La danse rythme chaque journée de la jeune habitant de Poussan, près de Sète. À 8 ans, Lily s’entraîne quinze heures par semaine et s’envolera en juin pour la Dance World Cup 2026 à Dublin. Une passion déjà vécue comme un destin.
« Mon rêve c’est de devenir danseuse étoile. » Lily, une jeune Poussannaise âgée de 8 ans, sait déjà parfaitement ce qu’elle veut faire de sa vie et ses parents la soutiennent à 100 %. Passionnée de danse depuis toujours, elle va cette année participer à la Dance World Cup 2026 à Dublin.
« Elle danse depuis qu’elle a 3 ans. Nous étions en région parisienne quand elle a commencé, pendant un an, puis nous sommes venus à Poussan et elle n’a jamais arrêté », raconte Marion, sa maman. Danse classique, jazz, cours pour les concours. Il n’y a quasiment aucun jour de la semaine où Lily ne danse pas. Cette année, elle cumule quinze heures de danse par semaine, réparties entre le mardi et le samedi, et entre deux écoles : Art’monie à Villeneuve-lès-Maguelone et Eskal Danse à Lansargues. « Le mardi, j’ai les pointes (en classique, NDLR). Le mercredi, cours de concours, classique et jazz. Le jeudi, cours pour les concours. Le vendredi, classique et le samedi barre à terre (pour travailler sa souplesse, NDLR), pointes à nouveau et cours de concours« , énumère la jeune danseuse avec un large sourire.

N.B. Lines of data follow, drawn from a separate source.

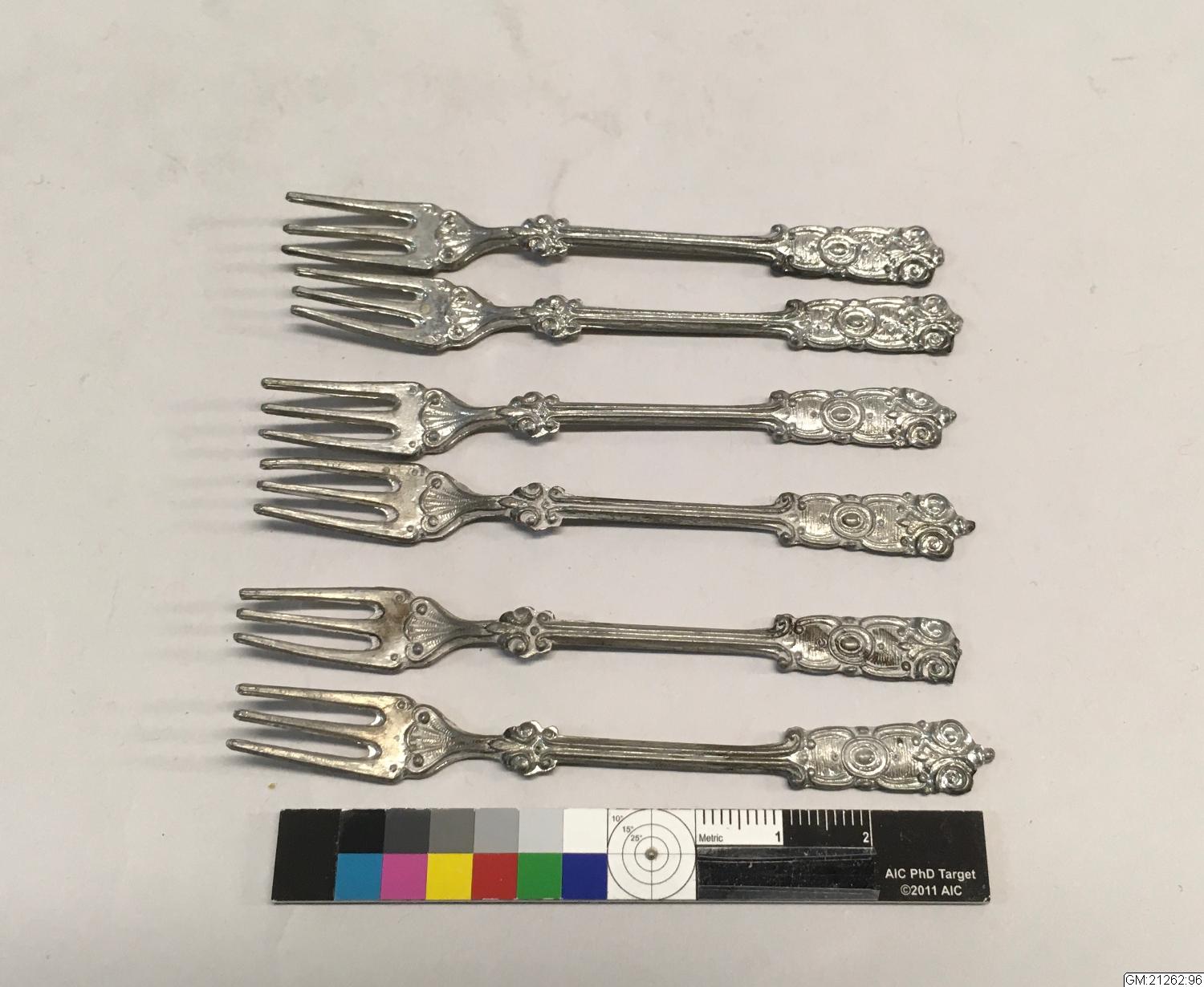 - 6 st gafflar av tenn med ornerade skaft (:a-f)
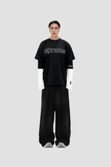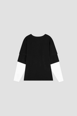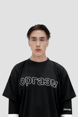 Long sleeved shirt made entirely of organic cotton. The sleeves are sectioned e made out of different levels, textures and colors. ORGVSM it's printed in Russian. The other logos are embroidered on the sleeves.
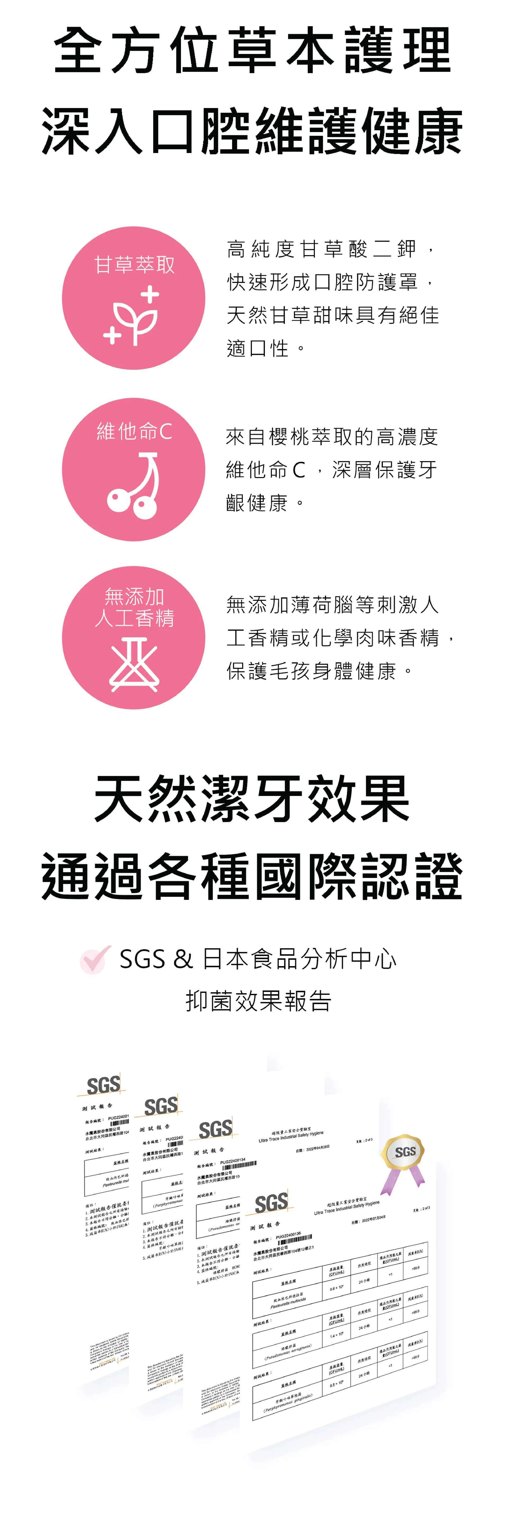 長效幫助貓狗口腔清潔。並通過SGS國際認證與日本研究證實有效降低狗口臭及牙菌斑孳生
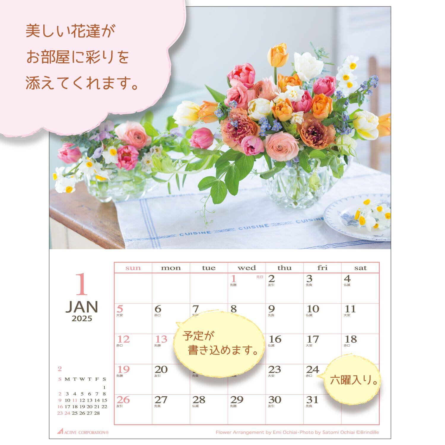 アクティブコーポレーション 2025年 カレンダー 壁掛け Flowerマンスリー 25ACL-07 2025年 1月始まり
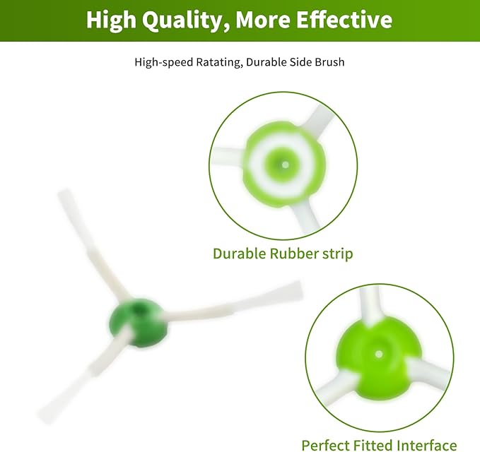 - High Efficiency Filtration Technology:Premium rubber brushes one for removing dirt and the other for cleaning. The side brush penetrates deep into corners and edges to remove more dirt, dust and debris. Roomba filter replacements blocks 99.97% of pollen, dirt, dust, pet hair and other particles as small as 0.3 microns
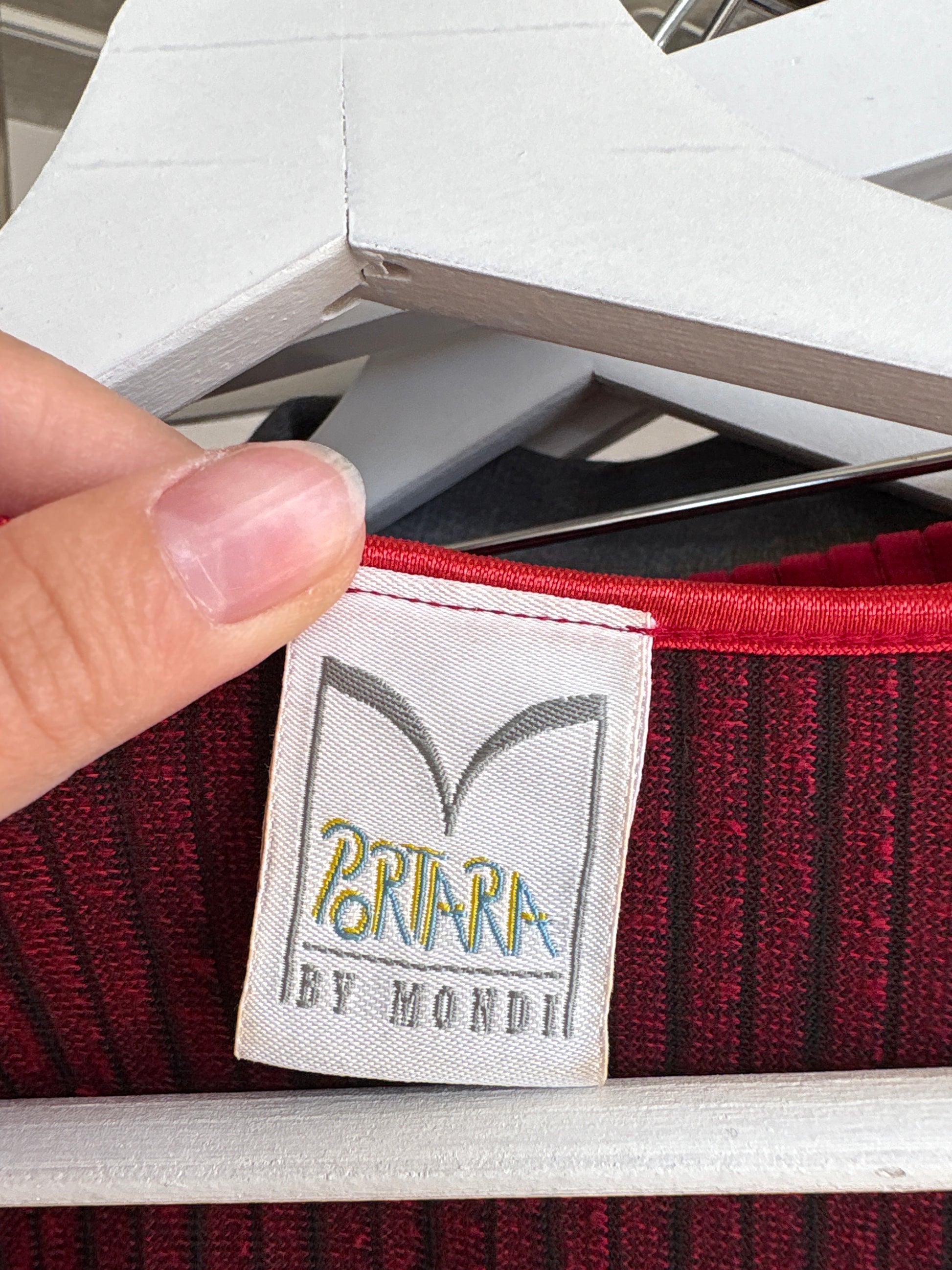 Set vintage de brand luxury Mondi by Escada din corduroy modelator cherry red

Elle participe à un concours international à Dublin en juillet
Les concours, elle en fait depuis l’âge de 6 ans, mais la plupart ne sont ouverts qu’à partir de 8 ans. Cette année, c’est la porte ouverte à tous pour elle, et elle en fait le maximum. « De début avril à mi-mai, il y a un concours tous les week-ends », confie sa maman. Le corps de Lily est donc très sollicité. C’est pourquoi elle est suivie par de nombreux spécialistes : pédiatre, podologue, ostéopathe. Et ses parents prennent toujours les avis de ces derniers, notamment pour qu’elle danse sur pointe. « Habituellement les enfants ne montent pas sur pointe avant l’âge de 8 ans. Lily a commencé à 6 ans, avec l’accord de tous les médecins et de ses professeures de danse. » Avec une pointure inférieure à 32, les parents de Lily doivent faire venir ses pointes de Russie. « Et comme elle s’entraîne beaucoup et que son pied continue de grandir, il faut les changer assez souvent », sourit Marion.

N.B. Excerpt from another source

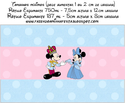 Rótulo Champagne,Vinho e Espumante Mickey e Minnie Azul e Rosa para Gêmeos:
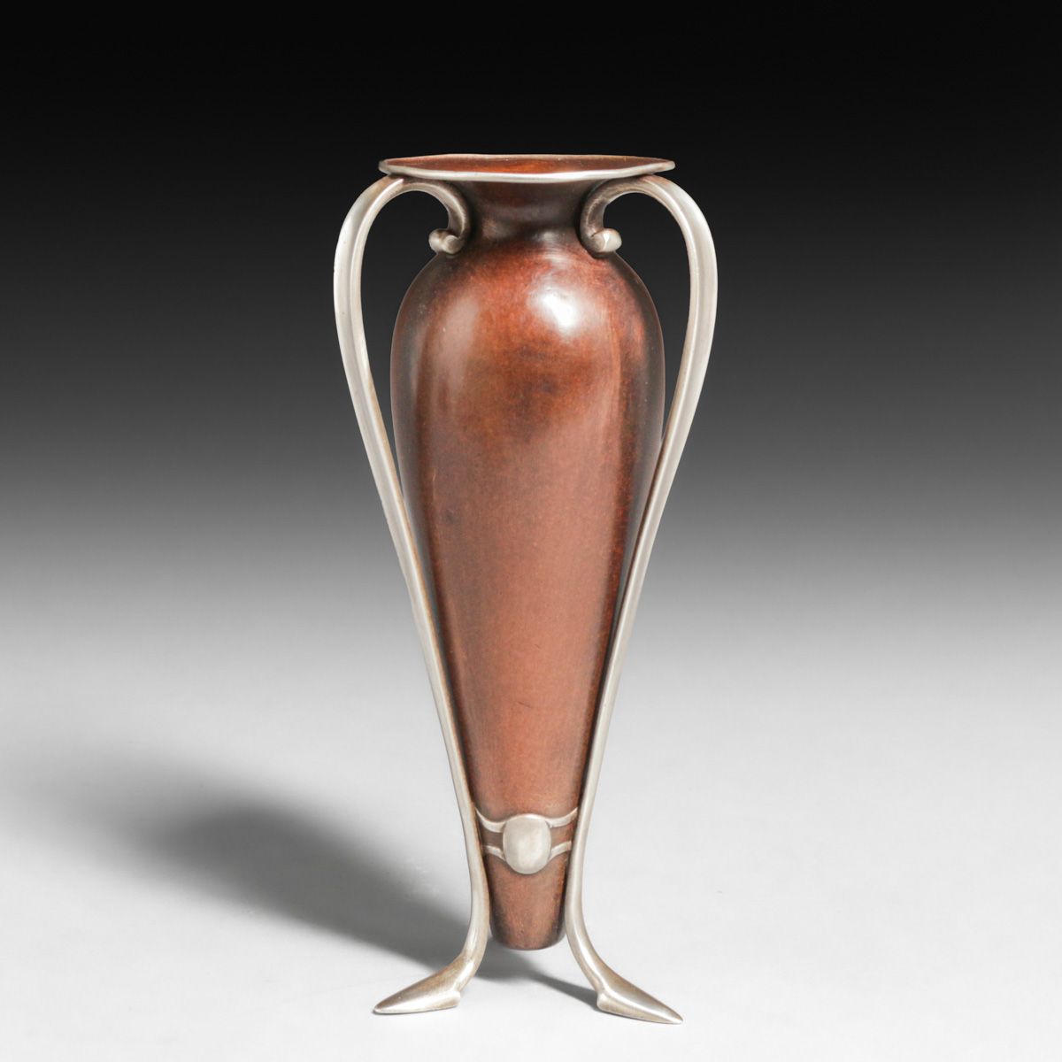 - Gorham Copper & Sterling Silver Three-Handle Vase c1900

J’essaye d’avoir de très bonnes notes à l’école pour aller faire le stage de six mois à l’Opéra de Paris
Pour participer à la World Dance Cup ce n’est pas compliqué il suffit d’envoyer une vidéo de sa chorégraphie et de postuler dans la bonne catégorie. Dans le cas de Lily, celle des « minis » 9 ans et moins. En 2025, il y avait 8 500 danseurs, qui ont participé à ce concours, venus de 62 pays du monde entier. « Ce sont mes deux professeures de danse Manon et Virginie qui ont créé les chorégraphies et après on a tourné les vidéos avec les costumes dans les salles de danse où je m’entraîne habituellement », explique la petite danseuse. Après avoir envoyé les vidéos, certaines sont sélectionnées pour participer à une première finale de la World Dance Cup. Lily a donc été sélectionnée en jazz et en classique pour cette première finale qui se tiendra le 8 juillet à Dublin, avant de savoir si elle sera retenue pour la grande finale qui a lieu quelques jours plus tard. En attendant, Lily continue de danser et de bien travailler à l’école en parallèle. « J’essaye d’avoir de très bonnes notes pour espérer avoir un stage de six mois à l’Opéra de Paris. » Peut-être que cette petite passionnée de danse finira par devenir un vrai petit rat de l’Opéra.